My vote is for the 72, yes the early ones were faster than the later. The early ones also had smaller bumpers that I prefer. This doesn't mean that I wouldn't like to have a rust-free '78 or '83(the '83 would have to be equipped with a turbo).


----------



## Spongerider (Nov 18, 2002)

PrOxLaMuS© said:


> You should rephrase the question.... with the older Z's...
> 
> The S30 240Z/260Z/280Z are all the same cars, except larger displacement's (2.4/2.6/2.8L) and minor interior modifications.
> 
> ...


I think the 240Z is the best but in sliver.


----------



## icice9 (Dec 18, 2003)

Spongerider said:


> I think the 240Z is the best but in sliver.
> 
> the 280ZX isnt bad in silver either.... my vote is for the 280ZX :thumbup:


----------



## luis_pty (Feb 11, 2004)

I agree, 

280ZX, the best !!

i´m the owner of an 83 zx


----------



## FletchSpecV (Nov 26, 2002)

I love the older Z's but I can't wait to get my 350Z in a couple years (keepin my fingers crossed).


----------



## '85 fairlady (May 1, 2004)

I have to go for the 280ZX.


----------



## Zen31ZR (Mar 24, 2004)

Can't beat cubes plus boost , and the rumble of a 3.0 V6 with an open exhaust and 252 cams is indeed the stuff of wet dreams.
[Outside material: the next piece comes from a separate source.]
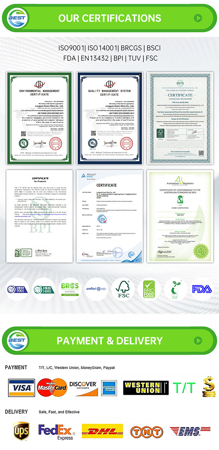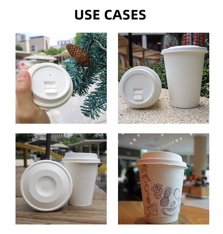 Plant fiber pulp molded cup lid, using environmentally friendly sugarcane pulp and bamboo pulp raw materials and precision leak proof structure design, combines excellent sealing and convenient use, suitable for various takeaway scenarios such as coffee, tea drinks, hot and cold meals, etc. After use, it can be completely biodegraded and return to natural circulation, making it a green and ideal choice to replace traditional plastic covers.

I regularly walk on all manner of V8s and other turbo cars up here , so I'd go with 300ZX , myself.


----------



## 240ZT (May 9, 2003)

240Z....It's a sports car in it's purest form and doesn't try to pretend to be anything else. It also started the whole sport compact revolution.


----------



## 0341TODD (Nov 15, 2003)

Z31- not just b/c I have one, but b/c I have wanted one for so long! The 87-89 is the sexiest car in the world


----------